Sharyn Angel
Shailer Park State High School, QLD
Teaching Fellow
In the application, you wrote about how you’ve been transforming outcomes for your students. Tell us what you’ve been doing, and what the results have been.
Our focus at Shailer Park has been transforming our big 4: reading, writing, attendance and Senior School outcomes. We are delivering on these through a strategy we have developed: the RED-P agenda – Reading to Learn, Explicit Direct Instruction, Data Informed Practice and Positive Behaviour for Learning. Since arriving at Shailer Park in 2015, our NAPLAN results have skyrocketed with a dedicated focus on this approach.
How has becoming a teaching fellow benefited you?
Becoming a Teaching Fellow has benefited me through the networks it has opened and the mentoring relationships it has created for me. Learning from and hearing about the great work that the other Fellows are doing has increased my educational knowledge and confirmed that the work I am doing is on the right track.
What has been the response of your students, school and community to you being named a commonwealth bank teaching awards fellow?
The Teaching Awards have been the catalyst for bringing together some high-performing and motivated educators, business people, universities and the Logan Council to develop the ‘Promise Project’ with the aim of benefiting students in the Logan area.
What is the program you’re implementing at your school as a result of the award?
The ‘Promise Project’ team will travel to the US to investigate the Harlem Children’s Zone ‘cradle to college’ pipeline that has created a scalable and sustainable education initiative that now serves over 12,500 students and has achieved 96% of its students going onto college from a very low SES community in New York. The aim of the project is to create a sustainable and scalable plan to increase the number of students in the Logan area progressing to further education.
What has been the highlight of becoming a teaching fellow?
Without doubt the highlight has been the education trip to Singapore.

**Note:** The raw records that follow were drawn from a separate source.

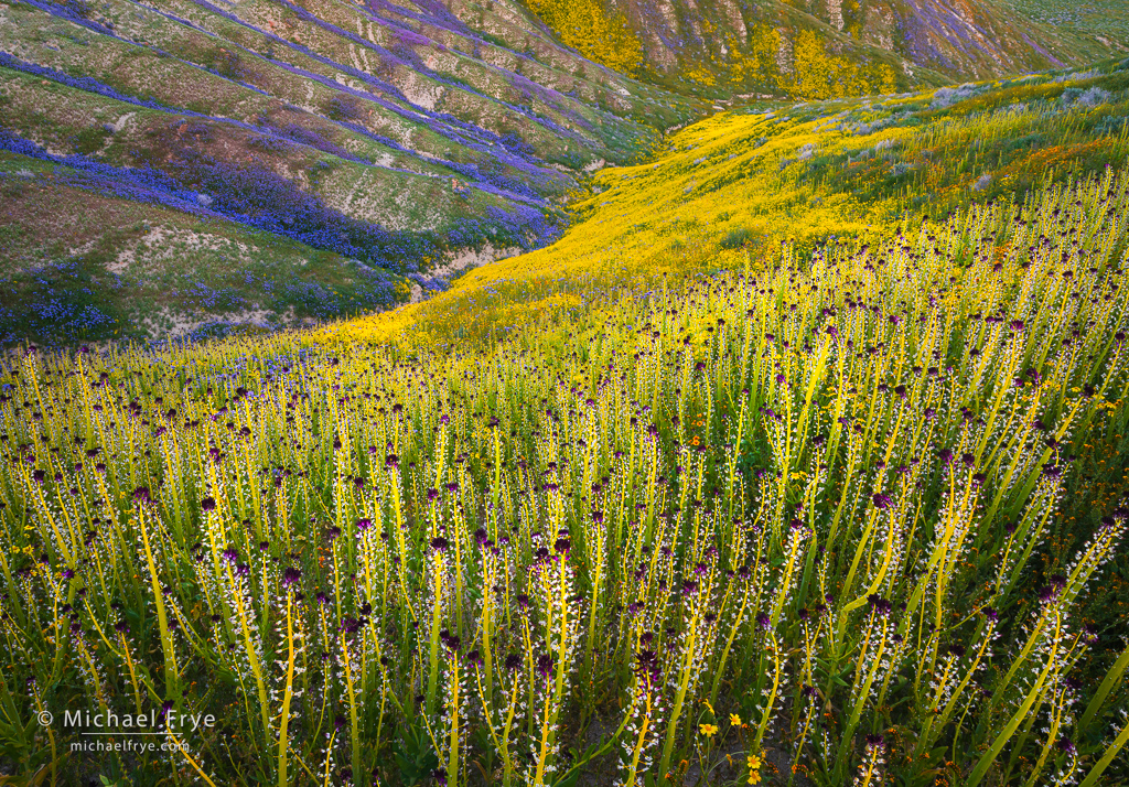 But meanwhile, all the winter rains in California had spawned an exceptional spring wildflower bloom, which we definitely wanted to see. So from early March to late April, sandwiched around our Death Valley workshop, and juggled with other events and projects, Claudia and I traveled to Antelope Valley, Anza-Borrego Desert State Park, and various locations in California’s Central Coast ranges.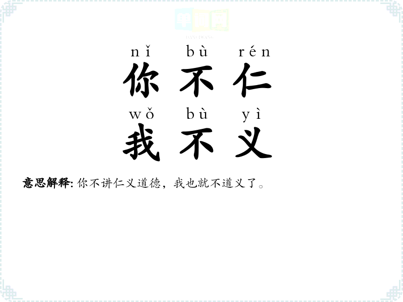 | 你不仁,我不义 | 你不讲仁义道德,我也就不道义了。 |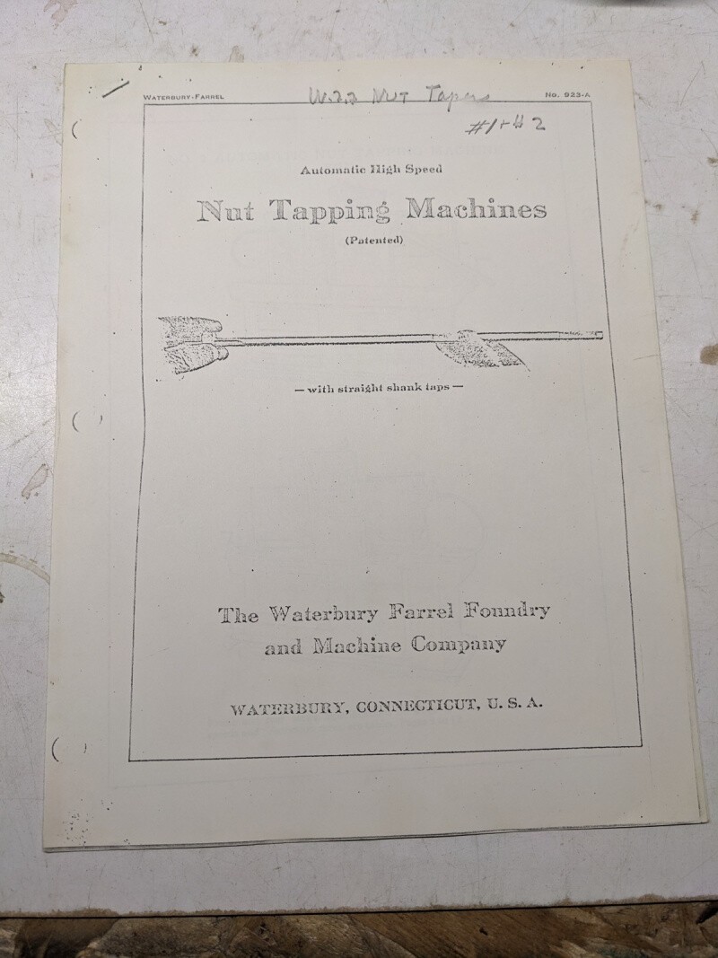 Waterbury Farrel Nut Tapping Machines Sales Brochure Catalog Features Specs Copy

This was an amazing experience for a range of reasons – being able to see a high-performing system; having the time and opportunity to reflect on this as a group to identify the how and what that is happening that is contributing to Singapore’s education success; having time to reflect on and plan my own leadership of my project at my school; being able to reflect and plan on how to make a bigger impact across Queensland and Australia; and working with staff from Schools Plus, the Commonwealth Bank and Learning First to share stories and compare opinions on a vast array of educational initiatives.